* WHAT YOU SHOULD DO *
Your copy should start at the line with "UNICORN Dresser wall" and end at the line with "利用攔蓄盾對管道水流進行攔蓄" in the data below. Transcribe only those lines, exactly, pictures excluded.

* DATA EXTRACTS *
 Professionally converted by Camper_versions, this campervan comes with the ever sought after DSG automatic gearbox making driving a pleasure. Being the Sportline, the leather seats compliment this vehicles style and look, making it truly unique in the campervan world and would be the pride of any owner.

---

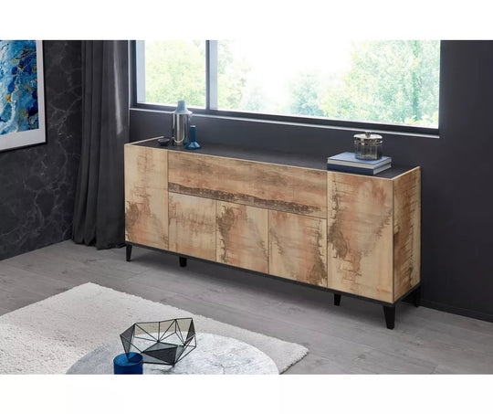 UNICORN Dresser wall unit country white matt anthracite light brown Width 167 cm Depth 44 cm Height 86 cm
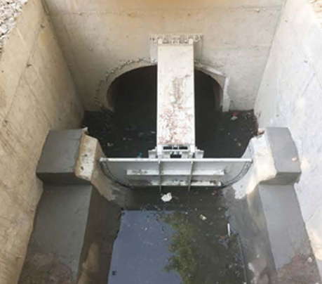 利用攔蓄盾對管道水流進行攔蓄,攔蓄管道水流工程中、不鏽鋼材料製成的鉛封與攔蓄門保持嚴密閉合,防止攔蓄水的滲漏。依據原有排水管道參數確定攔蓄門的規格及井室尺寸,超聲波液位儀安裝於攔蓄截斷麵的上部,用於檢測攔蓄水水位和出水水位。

* ANSWER FOR THE TASK *
 UNICORN Dresser wall unit country white matt anthracite light brown Width 167 cm Depth 44 cm Height 86 cm
 利用攔蓄盾對管道水流進行攔蓄,攔蓄管道水流工程中、不鏽鋼材料製成的鉛封與攔蓄門保持嚴密閉合,防止攔蓄水的滲漏。依據原有排水管道參數確定攔蓄門的規格及井室尺寸,超聲波液位儀安裝於攔蓄截斷麵的上部,用於檢測攔蓄水水位和出水水位。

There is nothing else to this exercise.